Мы зафиксировали лишь некоторые разрывы, возникшие между концептуальным
направлением в архитектуре XX в. и социальными условиями развития
профессии, функциями, предписанными ей культурой. При углублении
этих разрывов они рано или поздно должны приводить к внутреннему
разрыву в профессионала ном сознании: между воображаемой социальной
ролью архитектора, пытающегося предписывать обществу нормы существования,
и его действительной позицией в современной буржуазной культуре.
Этот разрыв должен неизбежно привести к оформлению разных типов
архитектурного мышления и разных типов архитектуры. Сейчас они
различимы четко только в специальном анализе — в будущем неизбежно
организационное и профессионально-идеологическое закрепление этого
различения в действительности.
Достаточно запутанная ситуация ещё осложняется тем, что функцию
регуляторов возникших разрывов берут на себя аппарат культуры,
о котором мы говорили выше, и его специализованные службы.
Развитие «современной массовой культуры», становление её профессионального
аппарата автоматически направлены к тому, чтобы закрепить за архитектурной
деятельностью роль инструментального средства решения задач по
«снятию» напряжений внутри капиталистического общества и культуры.

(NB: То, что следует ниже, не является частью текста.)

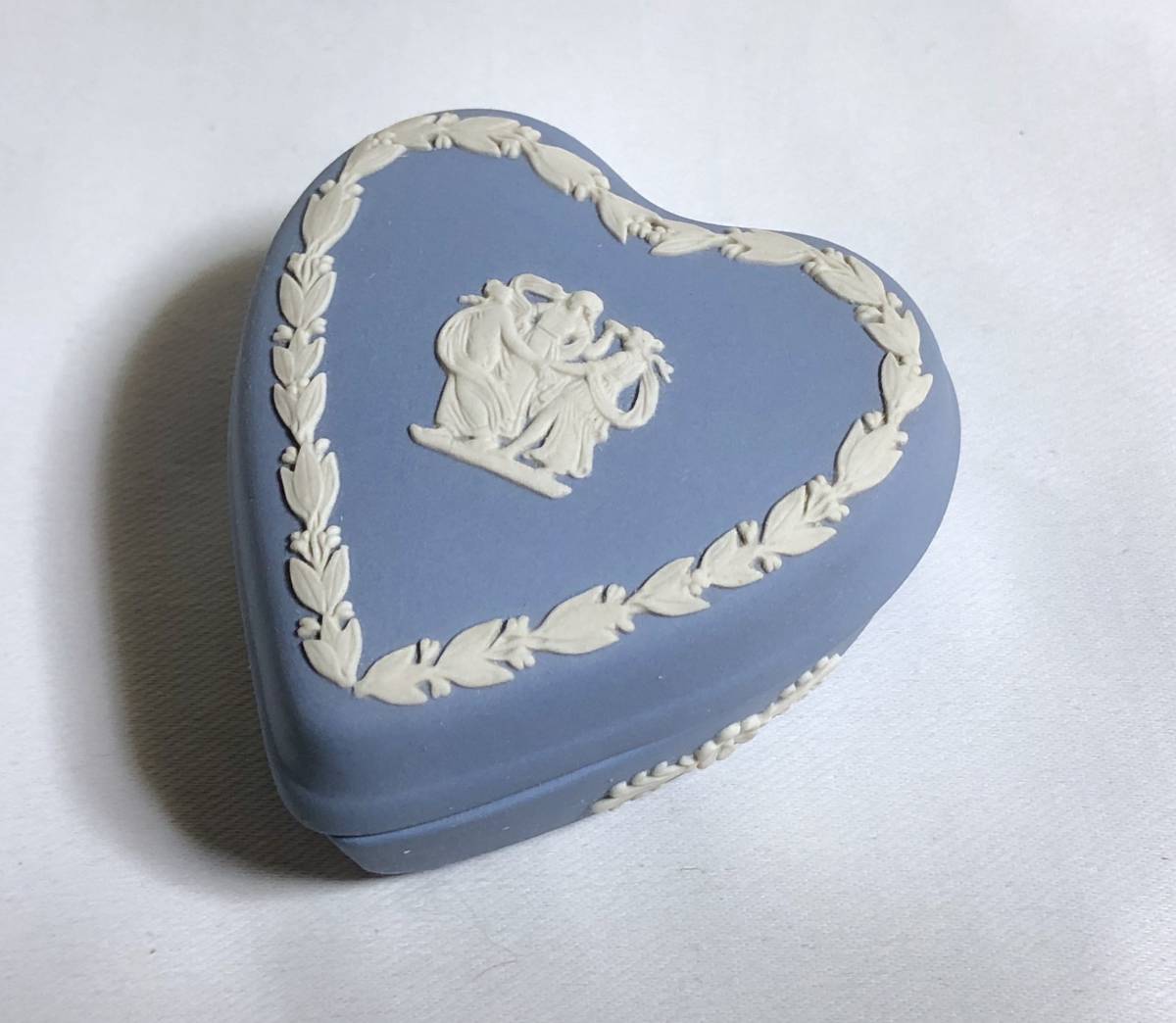> 正規美 Wedgwoodウェッジウッド ジャスパー ハートモチーフ 小物入れ ホワイト×ブルー系 ヴィンテージ陶器 アクセサリー ジュエリーBOX★

Дизайн как ведущий в настоящее время элемент аппарата культуры,
берет на себя роль посредника между массовым потребителем и производителем
массово потребляемого продукта, будь то дома, автомобили, телевизионные
спектакли или выставки. Важно видеть, что, сохраняя профессиональную
художественно-проектную деятельность как основу, дизайн использует
её как средство решения любых задач по регулированию культурных
процессов, подчиняет художественное сознание, художественное содержание
деятельности этим внешним задачам.
Здесь нет нужды подробно описывать характер и формы проявления
дизайнерского проектирования применительно к внутренним задачам
архитектурного проектирования. Нам важно подчеркнуть только, что
все то, что не соответствует критериям профессионального архитектурного
мышления в его социально-концептуальных схемах, является основанием
дизайнерского проектирования в системе аппарата культуры. Глубокое
понимание внутреннего тяготения к стандарту внутри буржуазной
культуры и одновременной дифференцированности стандартов по
типам; потребность культурэлиты в самовыражении через контраст
к «массе» позволяет дизайну в целом и «тотальному дизайну» как
его особой форме разрабатывать оперативные модели взаимодействий
и внедрять их в жизнь.
Зрелищность, подвижность и релятивность оценок явлений культуры,
утрата стабильных ценностей, роль престижных значений вещи, здания,
знака — всё это является методологическим основанием дизайнерского
проектирования и одновременно (в преобразованном и усиленном виде)
средством решения его задач. В отличие от концептуального архитектурного
проектирования дизайн опирается на культуру современного капитализма,
отнюдь не на идеальные установки «человека вообще». Дизайн не
стремится предписывать человеку нормы существования, он конформистичен
по самому своему существу. Он только «оформляет» существующие
культурные нормы в соответствии с общим «полем тяготения» массового
потребительства, которое всеми силами поддерживается большим бизнесом
и государственной администрацией развитых капиталистических государств.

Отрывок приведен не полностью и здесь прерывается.